Моя мать была светской девушкой. Ее отец занимал пост генерального консула Дании в Гаване. Мать считалась когда-то одной из самых блестящих невест Нового Орлеана и происходила из хорошей французской семьи. В Гаване они жили на Малеконе, широком проспекте, идущем вдоль моря. В двадцать семь лет мать все еще не была замужем. Она растила трех своих сестер и троих братьев, после того как ее матушка сбежала из дому. Она носила англизированное имя Роуз, но все называли ее Роза, на испанский манер. У нее был чудесный голос, и она училась вокалу. В ее сундуках я еще видела платья, которые она носила в молодости: все в кружевах, с длинными кружевными рукавами и стоячим воротничком с двумя тоненькими костяными пластинками, подпиравшим подбородок. Плечи в буфах, талия ужасающе узкая (девушки того времени затягивали друг на дружке корсеты до тех пор, пока не начинали задыхаться, и танцевать они могли только на пустой желудок, такая тугая была шнуровка корсета. Немудрено, что в те времена так часто падали в обморок). На улице мать появлялась с белым кружевным зонтиком. У нее была несколько полноватая фигура и живой темперамент; она была энергичной и неунывающей. В свои двадцать семь лет она еще ни разу не влюблялась, к ней безуспешно сватались богатые и титулованные мужчины, дипломаты и военные.

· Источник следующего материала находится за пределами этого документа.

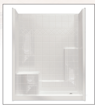
CHM 6036 SH 60"L × 36"W × 77"H Enclosure: up to 55.75" × 71"
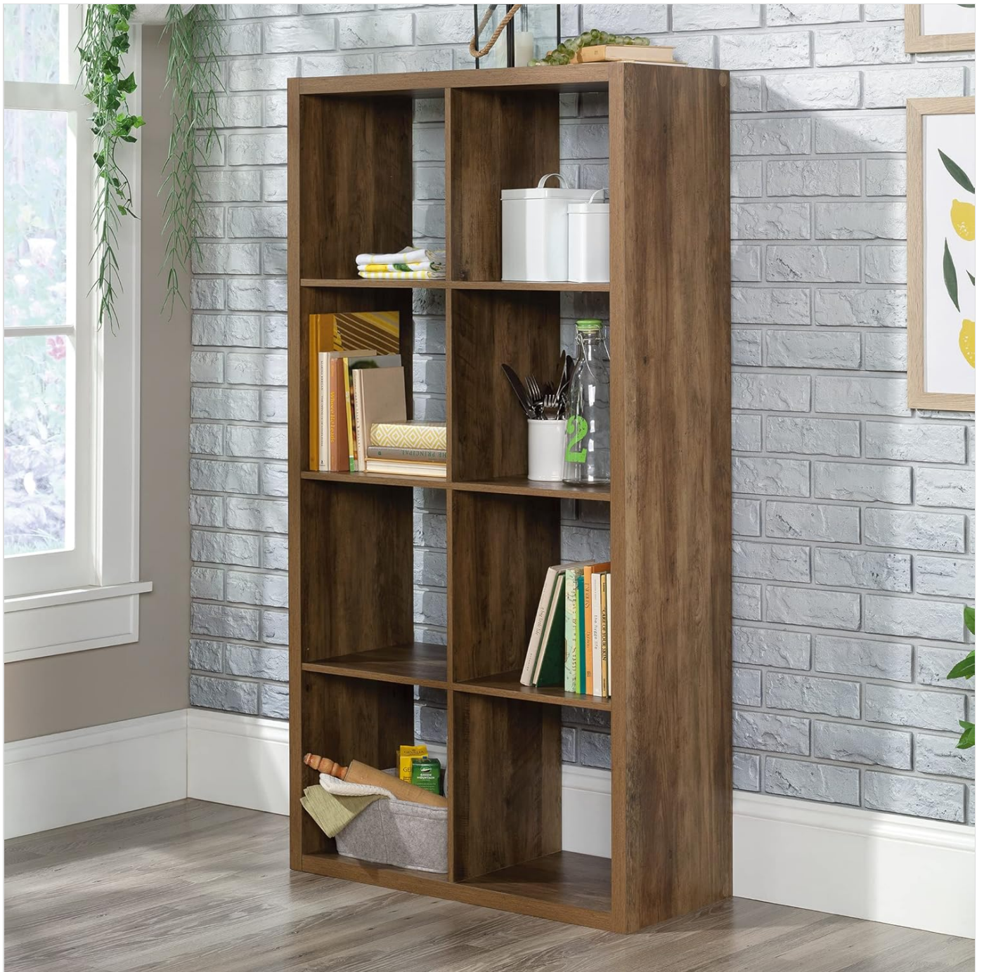
Image 1.1: The 8-Cube Organizer displayed vertically, showcasing its storage capacity for books and decor.
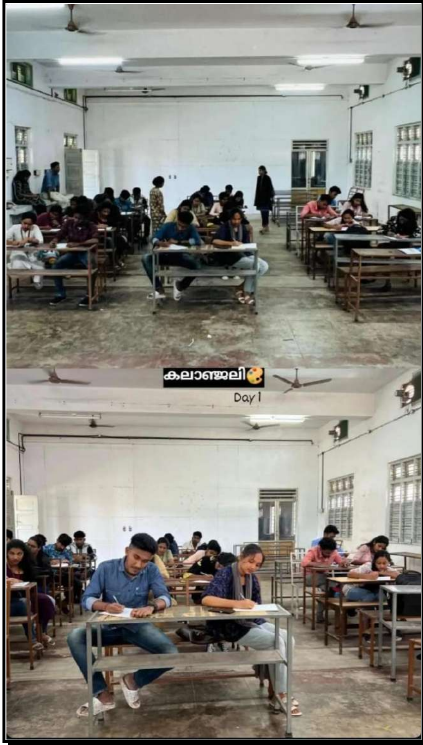
Figure 13: Kalanjali, Cultural Nurturing at Mini Hall
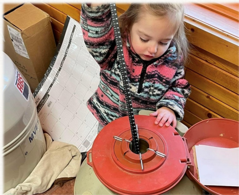
Blowing in the nitrogen tank is exciting with vapors going everywhere!

42 BARRETT 0480A 5300 TR DOB: 08/21/20 Reg#: 20261122 Tattoo: 0480 Paintrock Mountain Man Paintrock Trapper Emulous of Paintrock 93-9 Sitz Dash 10277 Barrett Rita 5300 111 Da BARRETT Rita 111 of 1709 NW
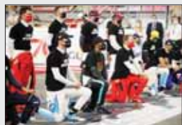
Mercedes driver Lewis Hamilton, centre, and Ferrari driver Sebastian Vettel, right, take the knee in support of the Black Lives Matter campaign and End Racism Recognition event ahead of the Bahrain F1 Grand Prix
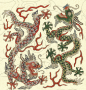
9. 龍 Pair of ascending and descending dragons
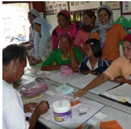
Village Development Bank in Operation
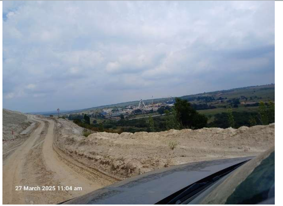
Figure 7: View of the adjacent land uses to the northwest of the study area.
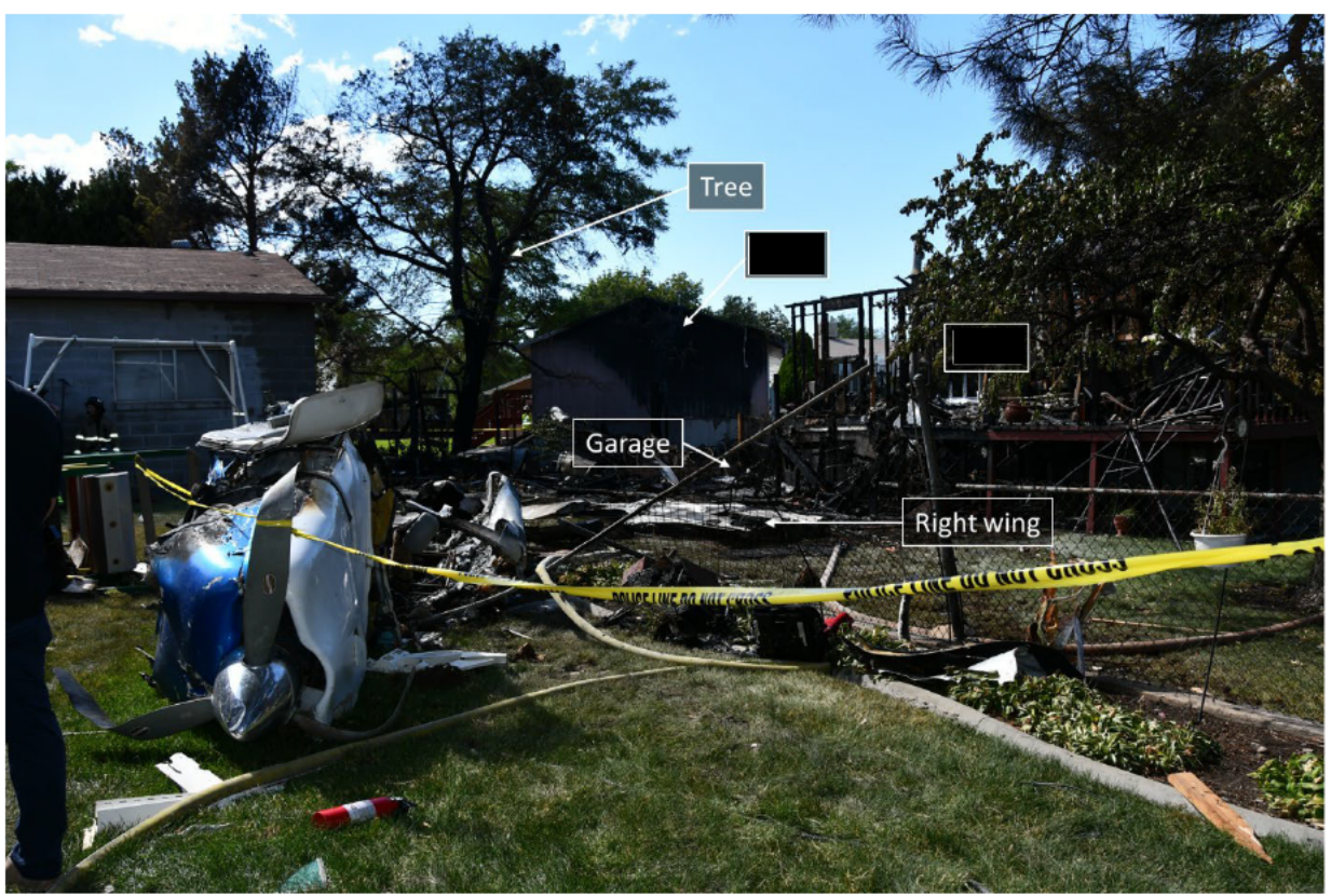
Figure 3. View showing the fuselage in the back yard, and the right wing in the neighboring back yard.
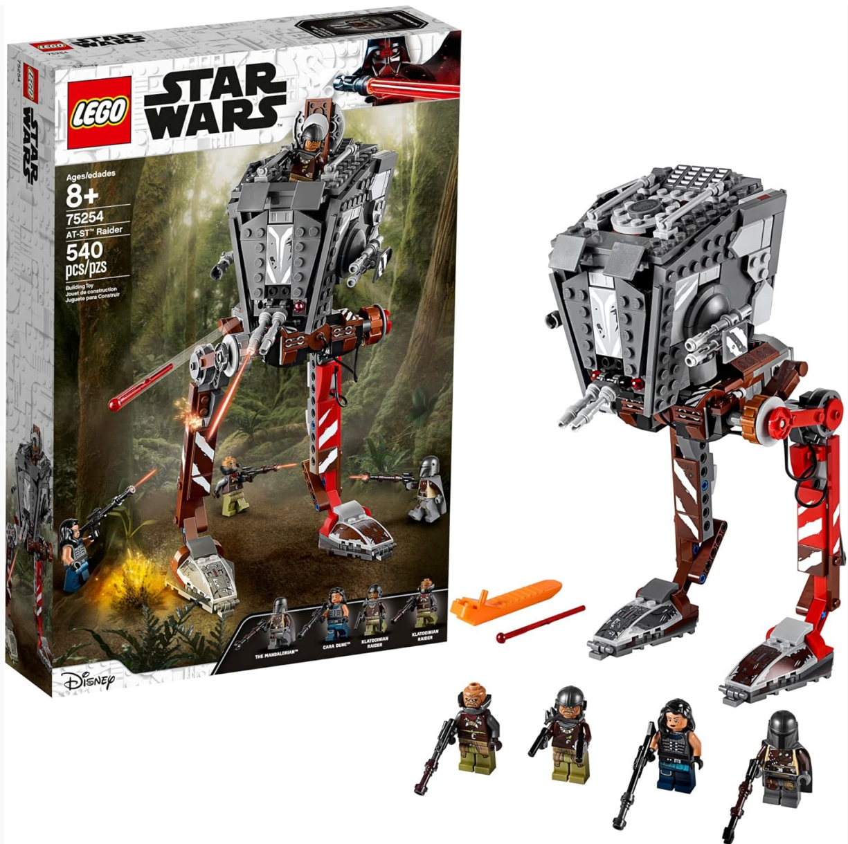
Image: The LEGO Star Wars AT-ST Raider 75254 Building Kit box alongside the fully assembled model and minifigures.
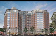
4. 555 Massachusetts Avenue
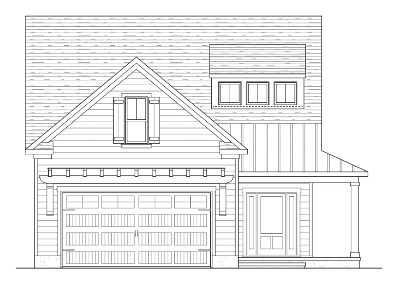
Optional Wrapped Porch
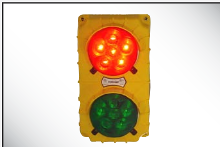
Exterior Lights - LED for longer life.
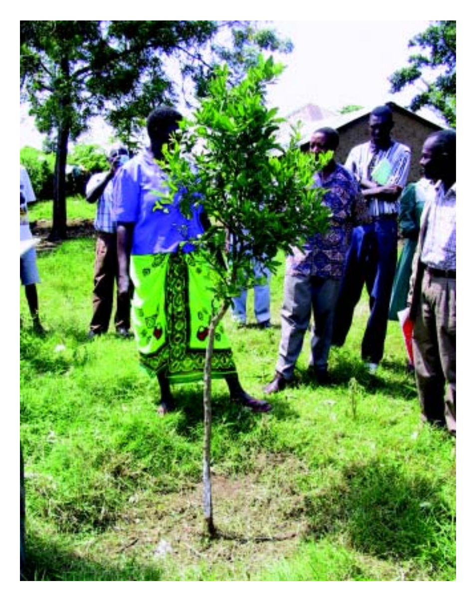
This household in Kusa, Kenya has used excreta as manure to grow this tree.

the main constraint towards achieving coverage, analysis and observation show that even the poorest can still afford pit latrines. More than 50% of those not covered were also willing to pay for improvements.
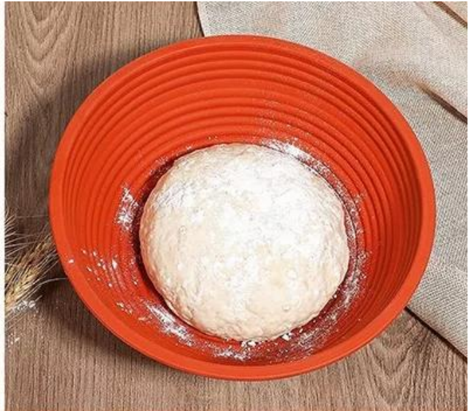
2. Place the dough in the basket

Делая вместе с сестрой покупки в музыкальном магазине, она услышала звуки фортепьяно. Хозяин разрешил девушкам пройти в заднюю комнату. И они увидели моего отца. Он играл «Лунную сонату» Бетховена, а потом Шопена. Шопена он играл особенно проникновенно и нежно. Для матери моей это была любовь с первого взгляда, а что касается отца, я так и не могла понять. Правда, однажды он мне сказал: «Сестра Розы была покрасивее ее, но в Розе чувствовались сила, смелость, решительность, как раз то, в чем я нуждался».